I think Microsoft Authenticator is the smartest right now because it's a "two-cloud" solution partly out of necessity, but also that seems a trustworthy architecture more generally. Since almost no one's phone runs Windows anymore, the raw app data backups "naturally" go to either iCloud or Google Drive. Then Microsoft keeps other (HSM) decryption keys in OneDrive. The threat model requires compromises of two clouds, so Microsoft Authenticator can be way more generous on how often and easily it backs up. It's an interesting point in the security vs. convenience tradeoff.
The worst are the apps that will constantly bother you with an in-app popup to enable notifications, e.g. Goat. They make it come up randomly so you'll accidentally click on it.
Or apps that you pay for (Spotify Premium, Tidal) that will constantly bombard you with marketing in-app popups at random times. So instead of listening and enjoying my music, I can accidentally click on one of these landmines and get redirected to something I do not want.
I cancelled Spotify because of this. Will also cancel Tidal after my trial because they just copying the same ugly tactics as Spotify.
Already had my fill of Pixel 7 Pro problems. The screen failed to register any touches on it, twice. Once within warranty, once outside it. Best I could do is file a claim with my credit card company for a measly $300.
For a $1200 phone.
Had a bizarrely similar experience with the Pixel Watch.

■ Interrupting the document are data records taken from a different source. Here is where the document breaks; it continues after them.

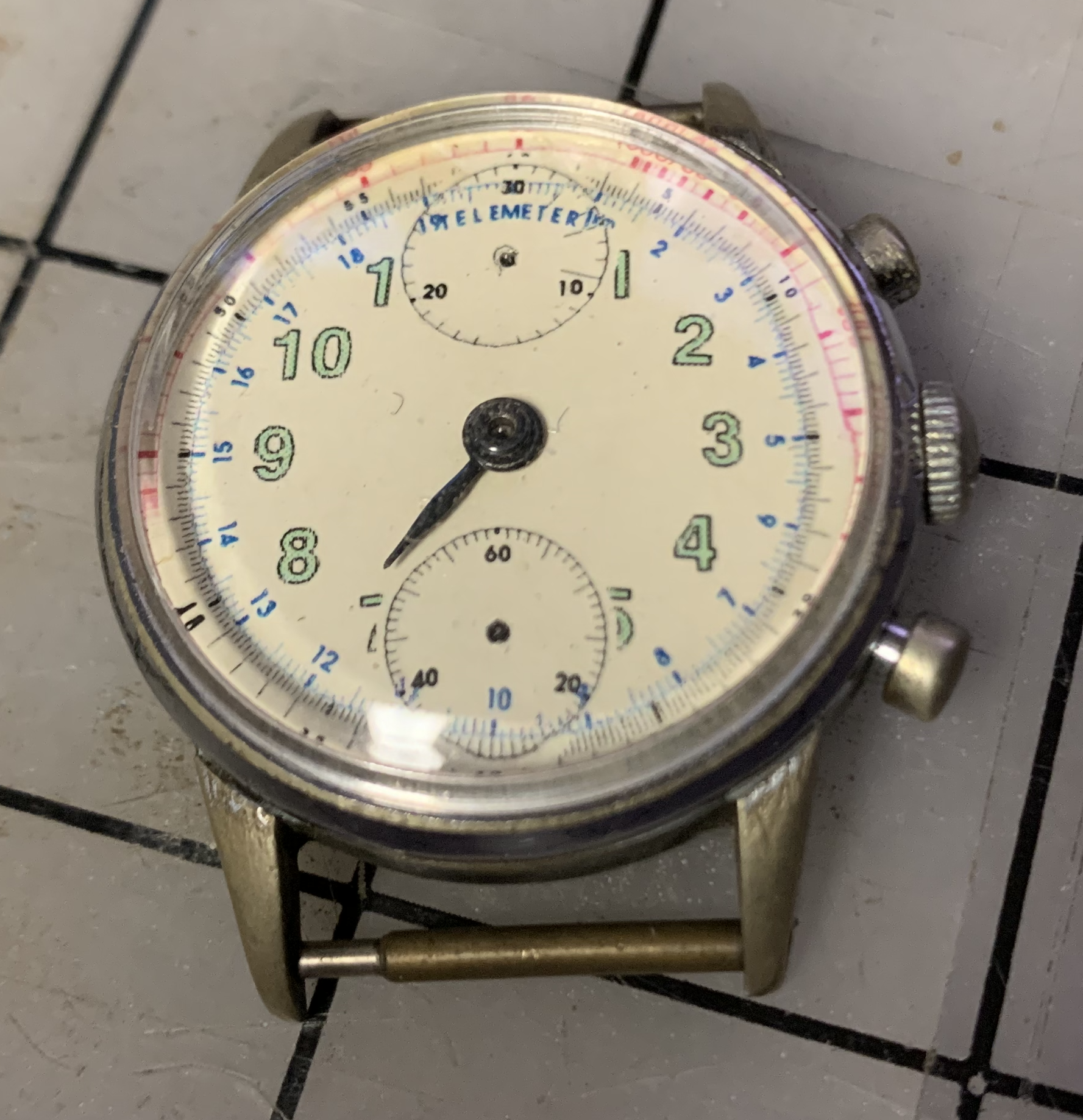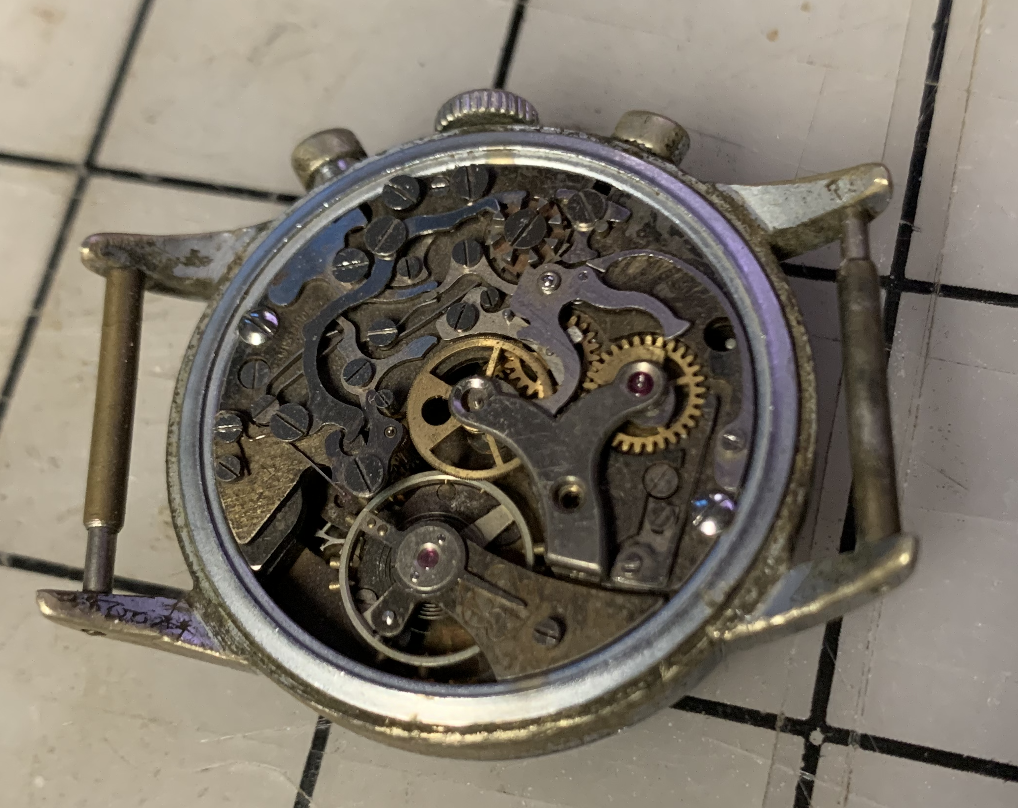 Here is the shot of the backside. I do not know if I have the back or not. It is probably the back in in a box somewhere. Also not sure why there is only one hand. I have quite a hand collection, perhaps there were not chronograph hands that fit.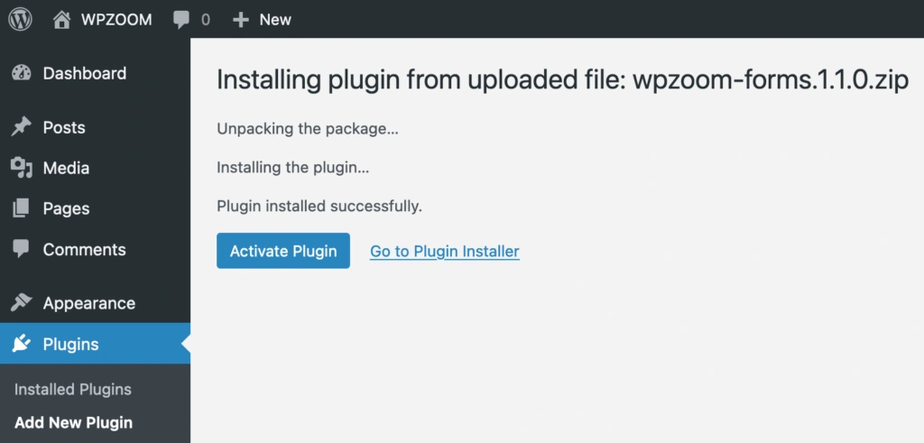 6.您的插件现在已经安装,随后需要从 WordPress 面板激活。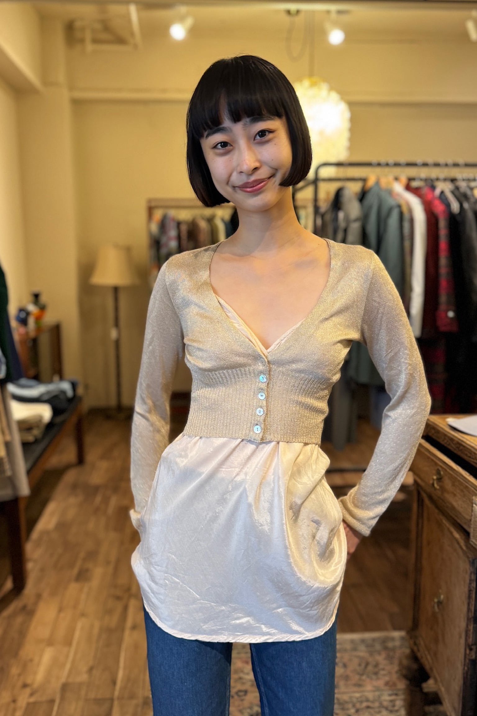 ヴィンテージ感漂う風合いを持ちながらも現代的なスタイルとも調和しますので、カジュアルなデニムやスカートとの相性が抜群です。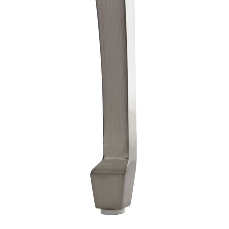 Black Oie Tempered Glass End Table: Giving the traditional end table a contemporary twist, the chic black glass top contrasts with the contours of the elegant nickel plated legs for a stylish and practical table that will enhance your room. The robust black tempered glass is smooth and sleek making it perfect for placing plants, lamps, photos, flowers and other decorative ornaments on. The metal legs are finished with nickel plating for a sheen look that complements the black glass. The sturdy legs have a beautiful bow curve that accentuates the style of the table. A functional and fashionable way to create extra surface space, the elegant end table will complement most decors.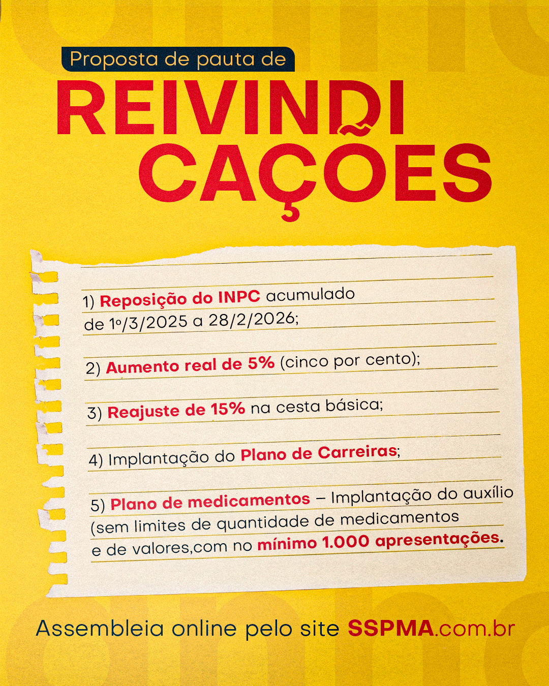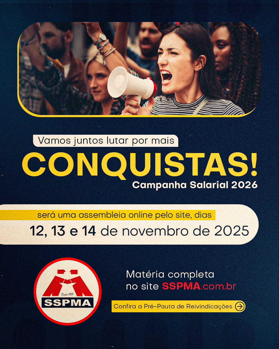 Vamos iniciar a Campanha Salarial 2026 e a participação dos Servidores é fundamental para construirmos uma Pauta de Reivindicações sólida, enxuta e que contemple os principais anseios da categoria. Nós da diretoria do SSPMA já separamos uma pré-pauta com os itens primordiais desta negociação. Além disso, também estamos solicitando a continuidade da negociação dos itens da Pauta de 2025 não atendidos. E faremos tudo de forma democrática: será uma assembleia online, dias 12, 13 e 14 de novembro aqui pelo site. Todos terão voto!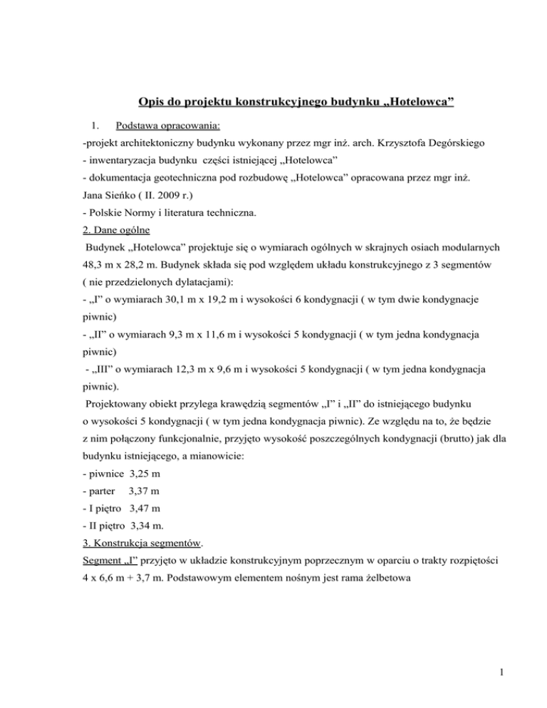 Opis do projektu konstrukcyjnego budynku „Hotelowca”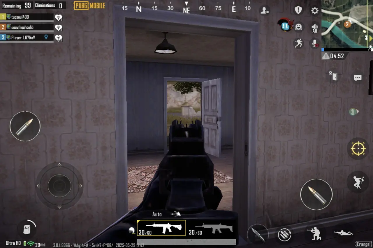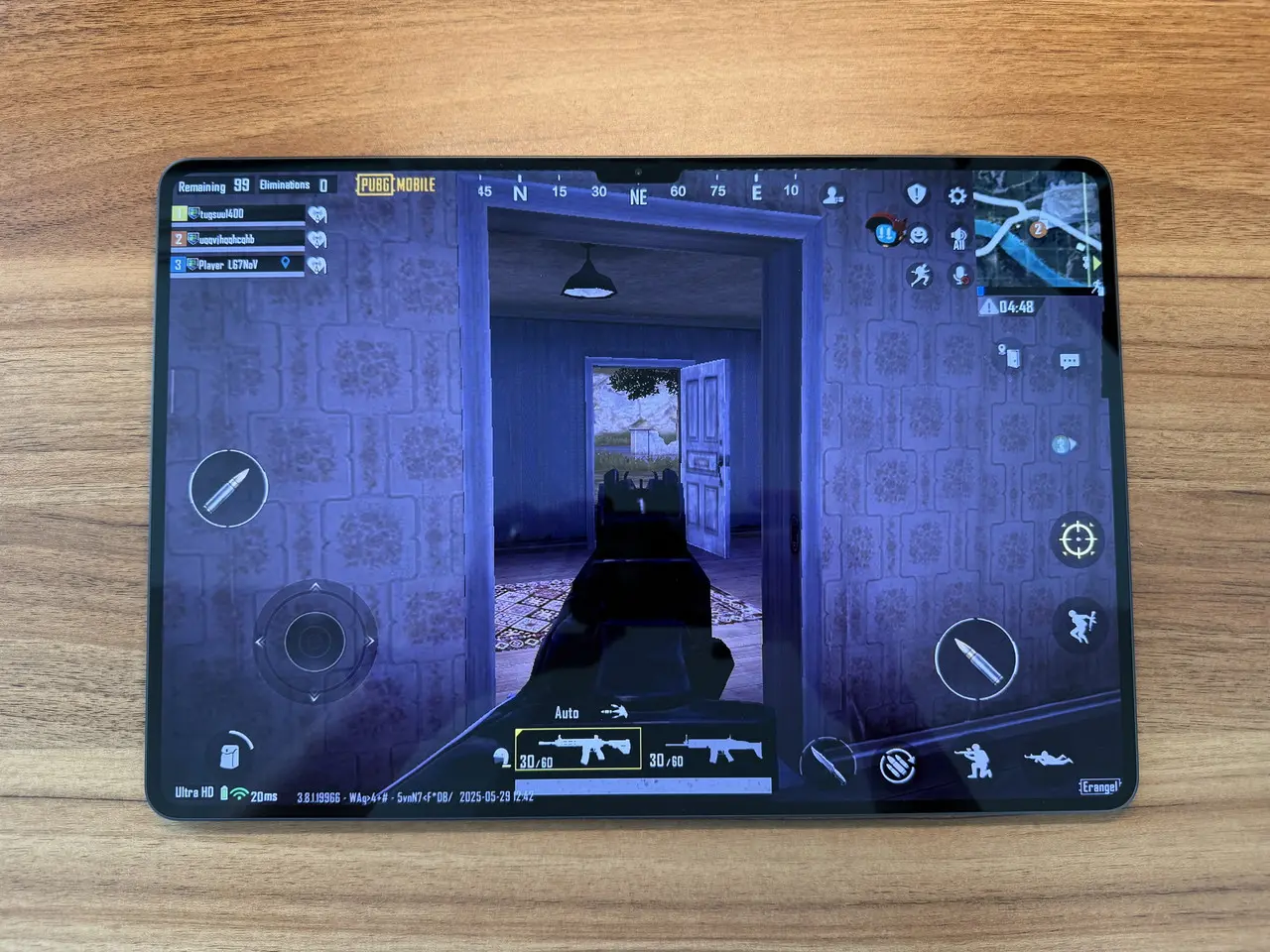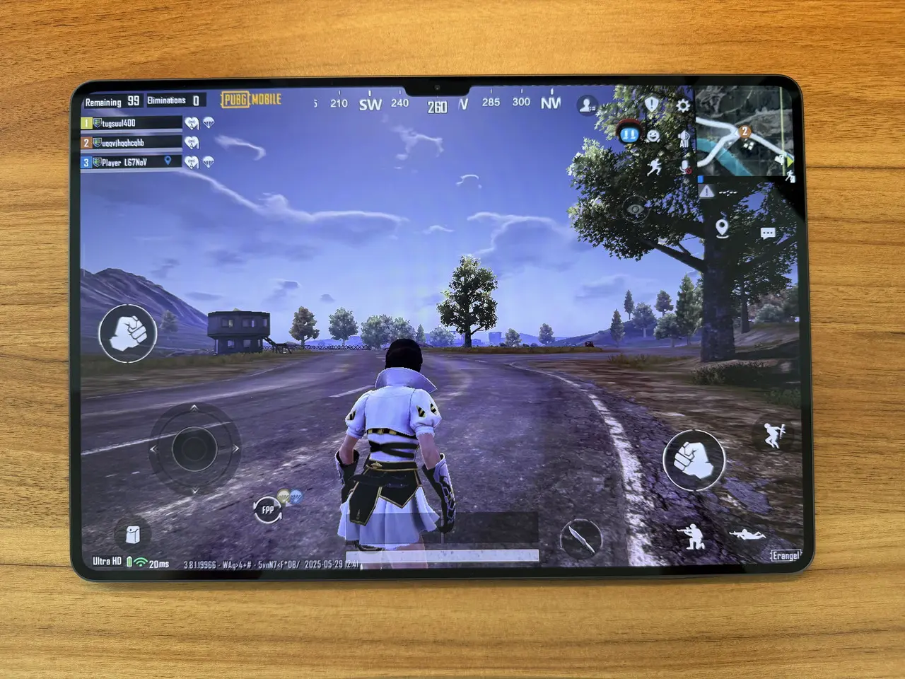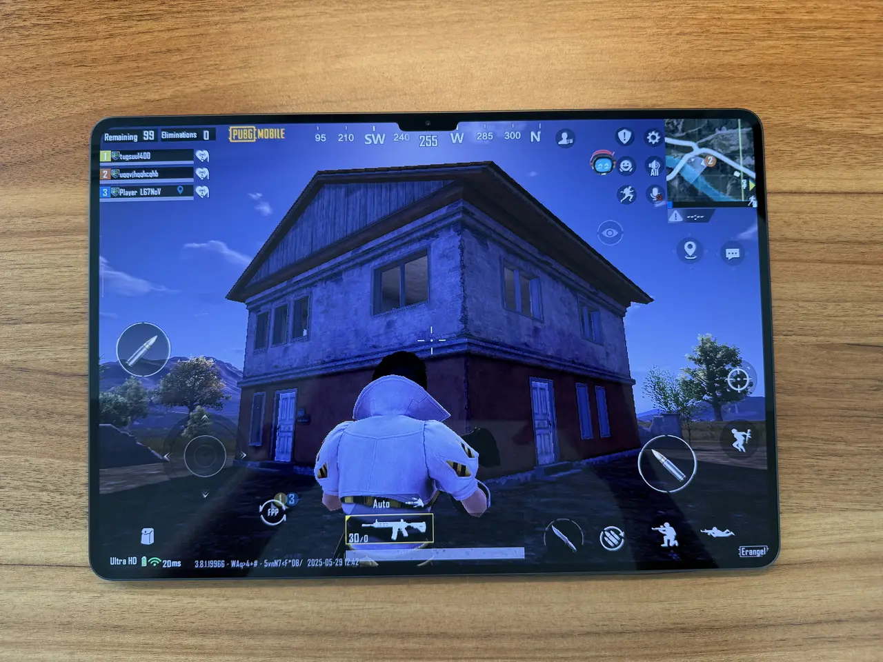 ▼滑らかな描画で鮮明なゲームプレイが可能。大きめの14インチ画面と鮮明な描画のおかげで、遠方も索敵しやすく、仮想コントローラー上のボタン同士のマージンも広いため、余裕をもってタップ操作できる。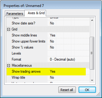 A. Trade arrows can be displayed on any chart pane (not only the built-in price chart). However, by default, the arrow display is turned OFF. To turn it ON, you have to open the Parameters dialog, switch to "Axes and grid" and switch the "Show trading arrows" option to "Yes".

The screen just failed to respond to touch. Wasted an hour figuring out how to get into fast boot mode. After a factory reset, it started working, but it doesn't get much more than 12-16 hours of battery time before needing a charge.
After losing a lot of money, time, and patience, I'm done with Google anything. Their hardware is garbage and they seem to have failed to address these issues with newer Pixel releases. Not sure what the point is of having 7 years of updates when the phone's hardware will barely last one of those years. And good luck with support.
Switched to a Samsung A54, and although it is slower and laggier in some aspects, the hardware is solid and I've been impressed at how clean OneUI is.
Tip: When your Pixel screen fails to respond to touch, you can at least plug in a USB mouse and recover what you can before tossing it into the dead gadget drawer.
On my iPhone 13 Pro, calendar notifications will fail, and the alarm clock will fail to ring. No idea why. I need to reboot my iPhone once a week to fix this issue, and it's been this way since I bought this phone a few years ago. No iOS updates has ever fixed this.
I also have issues with the sluggish interface. Some of my third-party email apps takes several seconds to just load the list of messages. They take milliseconds to load on a Pixel.
My lock screen can sometimes take a bit more than a second to unlock.
The browser dropdown will occasionally load the wrong page when I touch the URL.
The keyboard is more wrong than right, most of the time. Out of all the bugs and problems that make the iPhone almost unusable, it would be the terrible, auto-incorrect keyboard.
The analogy that comes to mind is when the auto industry consolidated to just three large players. Quality was never great to begin with, but it steeply declined after that. It took foreign companies to add real competition to the market.
Apple has been in decline for years now, especially since their only other competitors are Samsung and Google.
They also stopped supporting their desktop app, forcing users back onto a single point of failure: the mobile app.
If Twilio isn't going to support Authy in good faith, they should stop holding their remaining users hostage.